# Beginners class - intro to machine polishing.



## RobDom

Sunday 14th September 1:30PM start. £40 per head. 5 people. Tea, coffee and biscuits provided. Machines provided but bring your own if you wish.

Learn to to use both a dual-action and a rotary machine with hands-on practise, pad selection, different polishes, swirl spotting, paint depth, laser guide, theory, hand out sheets.

£10 deposit required via Paypal to secure your place, £30 balance on the day.

1.furryultra
2.m4rkymark
3.
4.
5.


----------



## m4rkymark

1.furryultra
2.m4rkymark - Payment Sent (Unique Transaction ID: 8WA90237A48865010)
3.
4.
5.


----------



## dombaird

Me too please


----------



## RobDom

1.furryultra
2.m4rkymark - Payment Sent (Unique Transaction ID: 8WA90237A48865010)
3.dombaird
4.
5.


----------



## German Taxi

1.furryultra
2.m4rkymark - Payment Sent (Unique Transaction ID: 8WA90237A48865010)
3.dombaird
4. German Taxi (Payment sent, Unique Transaction ID: 2XL09106F5200654D)
5.


----------



## RobDom

1.furryultra
2.m4rkymark - Payment Sent (Unique Transaction ID: 8WA90237A48865010)
3.dombaird
4. German Taxi (Payment sent, Unique Transaction ID: 2XL09106F5200654D)
5.Steven Swinton

Please note that the Paypal address for payments is: [email protected] (should have put that up earlier - sorry)
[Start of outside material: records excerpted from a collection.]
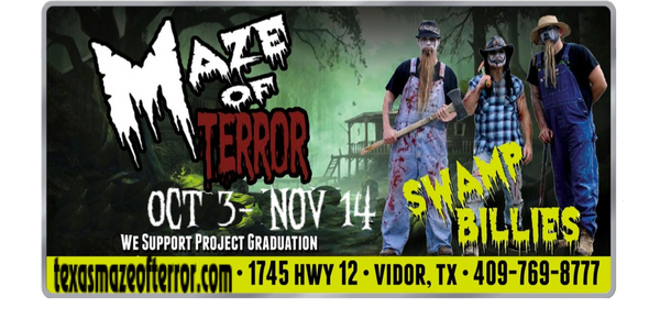 In 2006 A dear friend of ours Dena Tobleman, hosted a birthday party for her son. In 2007 she was ill with cancer so Jim Denson stepped up and built it that year . Sadly in 2008 we lost Dena and Jim wanted to keep it going in her memory and moved it to VFTFA. In 2010 Jim and Brian partnered together and did a fundraiser for VFTFA. The following year, 2011 they named it Maze Of Terror and started donating to Vidor Project Graduation and Boy Scouts of America. Texas Maze of Terror found its resting spot at 1745 Hwy 12 since 2013. Brian and Ettie Thompson are the owners. There have been countless volunteers through the years, It would be hard to list everyone. We have had volunteers help build, decorate and of course scare. In 2021 TMOT closed to relocate but that deal fell through, we have torn down and rebuilt on the same property. Parking is an issue, we outgrew our parking and the plan is to go further back. We have worked extremely hard the last three years to get TMOT back open. Oct 4th 2025 is our opening date and we could not have done it without Pumpkin, Branden, Brad and all of our scarers. It's been 4 long years since we have been open but we are back . The Swamp billies are gone and the new theme is DARk HAVEN. So come enjoy your time and meet all of our old Crazies and our new ones.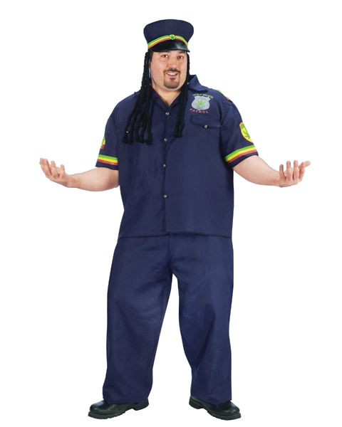 Have a great time being the whacky long arm of the law when you wear this Plus Size Way High Patrolman Costume. The only people who need to worry about shaken down by this patrolmen are the guys with Ganja. This whimsical cop outfit for men consists of a blue short-sleeved button down police shirt with Jamaican flag colors on the cuffs and a badge with laughing marijuana logos. Matching blue pants and an officer’s hat trimmed with Jamaican flag colors and a weed insignia. Your next costume party or Halloween night gala will be alarmed then amused when you swoop in to bust all of the guests. You can accessorize this humorous police outfit with an official looking Police Whistle. A Plastic Billy Club will come in handy if you have to keep any patrons in line at your next party, and Metal Handcuffs top off a unique costume.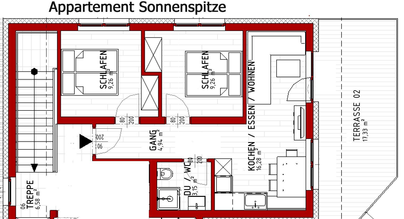 Das Appartement bietet Platz für 2-4 Personen und befindet sich im ersten Stock unsres Appartementhauses.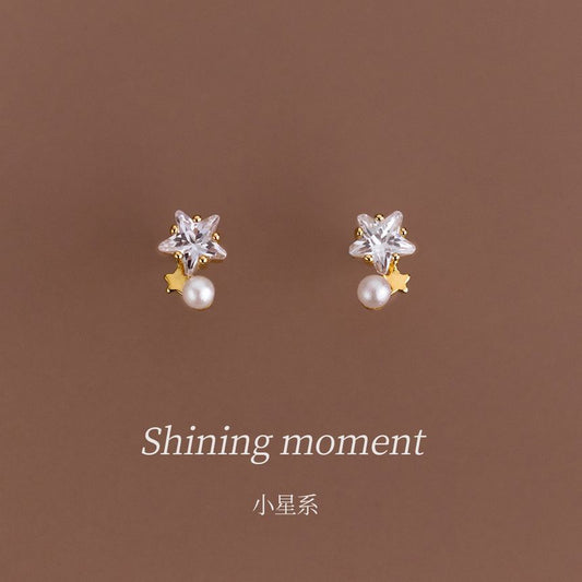925 Sterling Silver Rhinestone Star Faux Pearl Stud Earring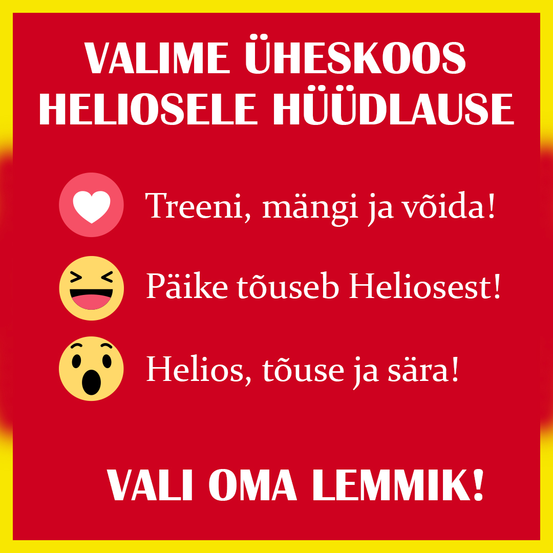 Kes olid 16. juunil klubi perepäeval, siis teavad, et FC Heliose klubi otsib oma hüüdlauset ehk sloganit. Kõik perepäeval osalenud said meile jätta oma mõtteid ja ideid. Täname kõiki, kes ajusid ragistas ning omapoolseid mõtteid paberile jäädvustas. Tänaseks oleme välja valinud kolm meie jaoks parimat hüüdlauset. Nüüd vajame Teie kõigi abi – 1) Minge Heliose Facebooki lehele, 2) leia hüüdlause valimise postitus, 3) valige LIKE nupu alt sobiv emotikon. Kõige rohkem hääli saanud lausest saabki FC Heliose jalgpalliklubi hüüdlause! Hääletamine lõpeb pühapäeva (14.07) hilisõhtul kell 23:55. Vali oma lemmik nüüd!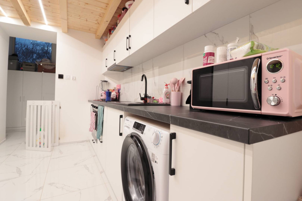 39 m² lakótér + 12 m² egyedi, fa galéria (hálószobaként)

If you have sent payments to anything other than this please cancel them.


----------



## m4rkymark

Hi rob - I have cancelled my original payment and resent to above address, details are Payment Sent (Unique Transaction ID: 4FE276655L920454N)


----------



## 7and911

Just saw the thread. Looks like I am late.

Rob, could you please put me on stand by in case of any cancellation: 

1.furryultra
2.m4rkymark - Payment Sent (Unique Transaction ID: 8WA90237A48865010)
3.dombaird
4. German Taxi (Payment sent, Unique Transaction ID: 2XL09106F5200654D)
5.Steven Swinton

Stand by:
1. 7and911

Thank you


----------



## RobDom

m4rkymark said:


> Hi rob - I have cancelled my original payment and resent to above address, details are Payment Sent (Unique Transaction ID: 4FE276655L920454N)


Got it, cheers. My fault, should have put that payment address up, sorry.


----------



## RobDom

7and911 said:


> Just saw the thread. Looks like I am late.
> 
> Rob, could you please put me on stand by in case of any cancellation:
> 
> 1.furryultra
> 2.m4rkymark - Payment Sent (Unique Transaction ID: 8WA90237A48865010)
> 3.dombaird
> 4. German Taxi (Payment sent, Unique Transaction ID: 2XL09106F5200654D)
> 5.Steven Swinton
> 
> Stand by:
> 1. 7and911
> 
> Thank you


No worries, willdo. :thumb:


----------



## m4rkymark

RobDom said:


> Got it, cheers. My fault, should have put that payment address up, sorry.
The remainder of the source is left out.